Atypical Sources for History Research

Historians often have a limited view of sources—newspapers, journals and scholarly articles are cited without fail. Obviously, these tried-and-true sources have great value, but it is a mistake to overlook less typical sources when researching a community. Buildings, Sanborn maps, graveyards, and historic register nomination forms are all examples of possible sources that are often overlooked. These sources are especially valuable when researching for local history projects where other sources aren’t readily available.

A great example of synthesizing atypical sources is Native Seattle: Histories from the Crossing-Over Place by Coll Thrush. Thrush “used sources typical of any ethnohistorical project” like oral histories, anthropologists’ notes, and archeological studies, but he didn’t stop there. (XV) He also utilized engineers’ reports, neighborhood studies, and indigenous topical names. In the preface of his book, Thrush discusses the process of “triangulating between these sources” to form a cohesive story. Reading between the lines is very important when using abnormal sources. For example, Thrush argues that in many documents “absences [turn] into evidence.” (XV) Drawing conclusions based on both information that is there and information that is missing can be vital to researching specific topics.

In Native Seattle, Thrush examines the native history that both precedes and continued after the arrival of white settlers in the Seattle area. His choice of topic was interesting to me because he selected two subjects that the general public doesn’t associate with one another—urban life and Native Americans. Showing how these topics overlap requires the use of many unusual sources because there aren’t a many sources that reference both subjects. For example, Thrush used Pioneer Square, which he described as “an archive of urban narratives,” as a source in his writing. (14)

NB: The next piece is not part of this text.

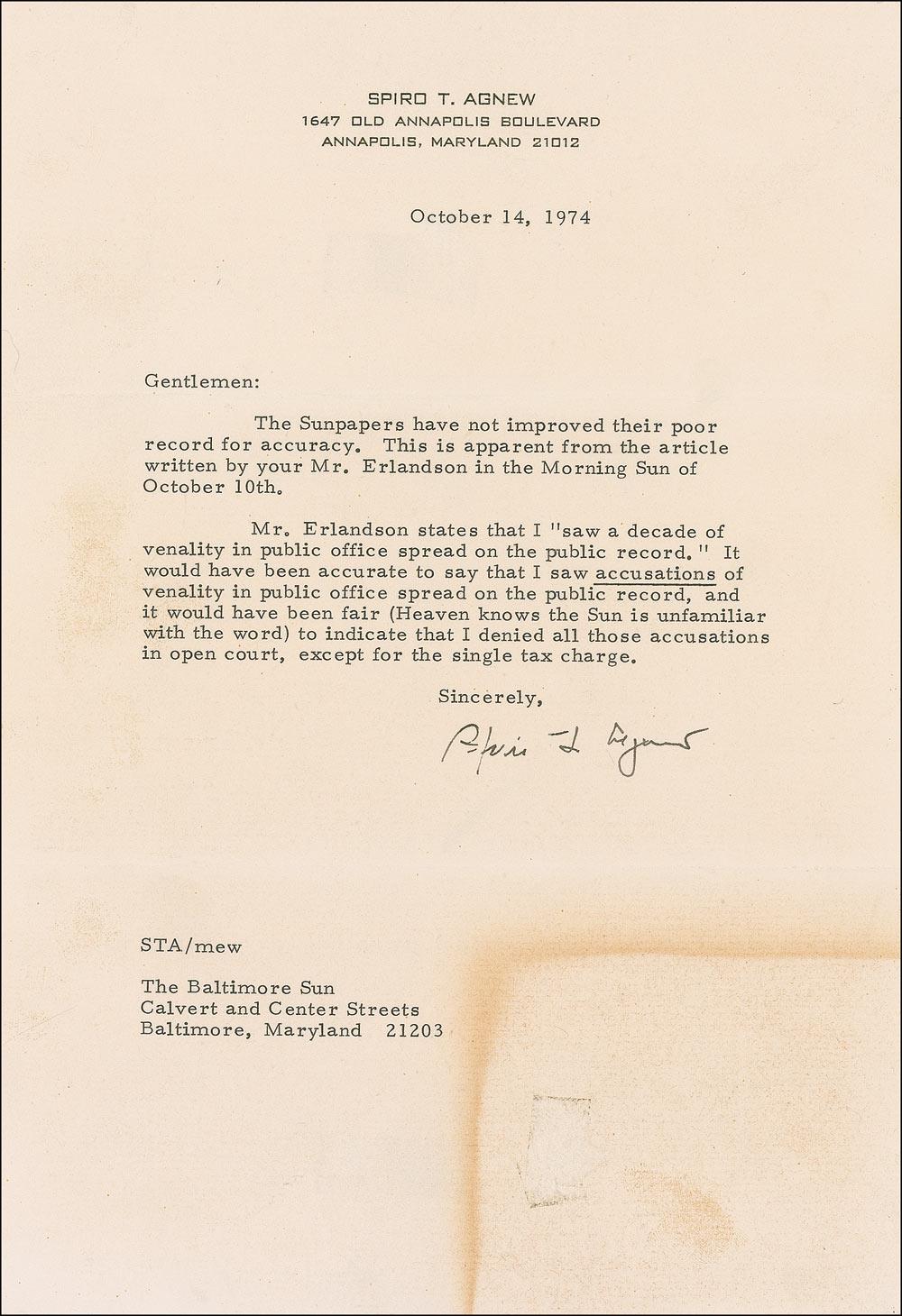 TLS, one page, 7.25 x 10.5, personal letterhead, October 14, 1974. Agnew writes a stern letter to the editors of the Baltimore Sun newspaper. In full: “The Sunpapers have not improved their poor record for accuracy. This is apparent from the article written by your Mr. Erlandson in the Morning Sun of October 10. Mr. Erlandson states that I ‘saw a decade of venality in public office spread on the public record.’ It would have been accurate to say I saw accusations of venality in public office spread on the public record.’ It would have been fair to say that I saw accusations of venality in public office spread on the public record, and it would have been fair (Heaven knows the Sun is unfamiliar with the word) to indicate that I denied all those accusations in open court, except for the single tax charge.” In very good condition, with light creasing and wrinkling, some light staining and an irregular block of toning at the lower right corner, and two areas of thin paper from old tape removed on the reverse. Accompanied by the original mailing envelope, aa clipping of the newspaper article to which Agnew refers, and his Letter to the Editor as it appeared in print.

Another interesting approach Thrush used was framing his story through the lens of a location. Thrush explained that his book is “about a place as much as it is a story about a people, and it is a story about us in the present as much as it is about historical actors.” (7) This was an interesting move on his part, and this choice helped keep his writing engaging because it continually brings the reader back to Seattle and its people. Native Seattle: Histories from the Crossing-Over Place by Coll Thrush is an interesting read as a history student, not only for its content, but also for its writing methods.